At various times this winter, I realized that baseball would never, ever come back. It’s good that my accomplishments ended up being stupid. Where is it?
I guess it depends on whether or not the 2022 Cleveland Guardians trend toward their best, worst, or most likely results during the regular season. For the first time in several years, I can say without any hesitation that I have absolutely no idea what this team is going to do.
As always, we’ll start with the worst-case scenario. Honestly, I don’t know if that’s what we usually start with. You’re not going to check, and that’s actually how a lot of the culture goes.
Is not it creepy?
Worst case scenario: 81-81
WAIT JUST A DARN SECOND YOU PULL MY LEG HERE SCOOTER HOW CAN A .500 RECORD BE THE WORST CASE SCENARIO?
In a vacuum, this is not the case. However, Major League Baseball is completely broken because the owners continue to exploit the workforce and even buy whole quarters with reckless abandon. Baseball teams. They named it Wrigleyville as a joke. BUBBLE. GUM. TOWN.

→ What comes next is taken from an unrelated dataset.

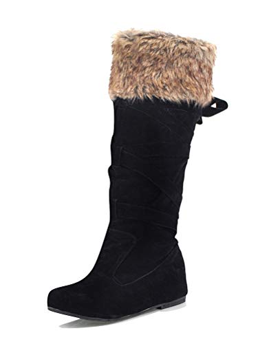 Minetom Mujer Botas Largas De Gamuza Casual Tacón Grueso Planas Zapatos Otoño Invierno Retro Botas Altas Calentar Felpa Negro 37 EU

The owners claim to be unable to afford contracts that are fairly insignificant compared to the league average while remaining silent about the additional $60 million in revenue they pocket from national TV deals alone this offseason.
So an 81-81 record would signal to the ownership that they have once again done the bare minimum to keep fans interested. They would make no investment in the team and trade both Shane Bieber and José Ramírez in order to keep the carousel going.
And we would continue to buy things. Just wait for commercials where Flo is the “guardian” of Progressive Field. People will eat it.
Best-case scenario: Major League Baseball folds
Major League Baseball exploits young men by promising them huge salaries in order to get the most out of them. Keep in mind that these are human beings trying to do this thing they love. A tiny fraction of those players make real money, and a tiny fraction of those sign a non-rookie contract.
Players are the only reason the sport still exists and so they should run the leagues. Don’t tell me owners have to pay for stadiums or other nonsense when everyone can clearly see them coercing and bullying others into going bankrupt or destroying themselves just to avoid lifting a finger. It’s actually presidential behavior now.
I can’t take the league seriously until a drastic change happens. Here’s a good start: Major League Baseball’s monopoly is based on the idea that they don’t participate in interstate commerce. There’s a SCOTUS decision and everything. By the way, don’t they have gaming and cryptocurrency sponsors?
Pitch clocks, corn. That’s what this great game needs.
Most likely scenario: 81-81
Cleveland stumbles out of the gate as he struggles to find his footing. They navigate a few games below .500 until the All-Star break. A midseason call-up lights a fire under the team and a long single-digit winning streak puts them in position to make a playoff run.
Then someone will make a horrible outfield mistake; José Ramírez’s helmet will fly into a referee and the referee will throw him out of play, causing the benches to clear; somehow, Cal Quantrill will step on a hive of yellow jackets during a game; a Tigers player will teach local crows to fly behind the pitcher and scream every time he pitches; etc
At this point, it becomes clear that the Guardians are going to fall just before the playoffs. So they’ll trade Bieber, and they’ll trade Ramírez, and they’ll trade [That Other Guy You Love]. And we’ll start the whole charade all over again.
If that doesn’t sound like fun, that’s because it’s not meant to be. The property saw it could run a mediocre team on the pitch every April. Sometimes a few players will surprise them and they will make one or two acquisitions and push for an extra season. Then they will reduce the payroll.
The only thing that could possibly break this cycle is the extremely talented group of incredibly underpaid men who can’t rent a car right now.
In the meantime, Major League Baseball is sponsored by a company that drops generic Viagra on your doorstep called “Roman”.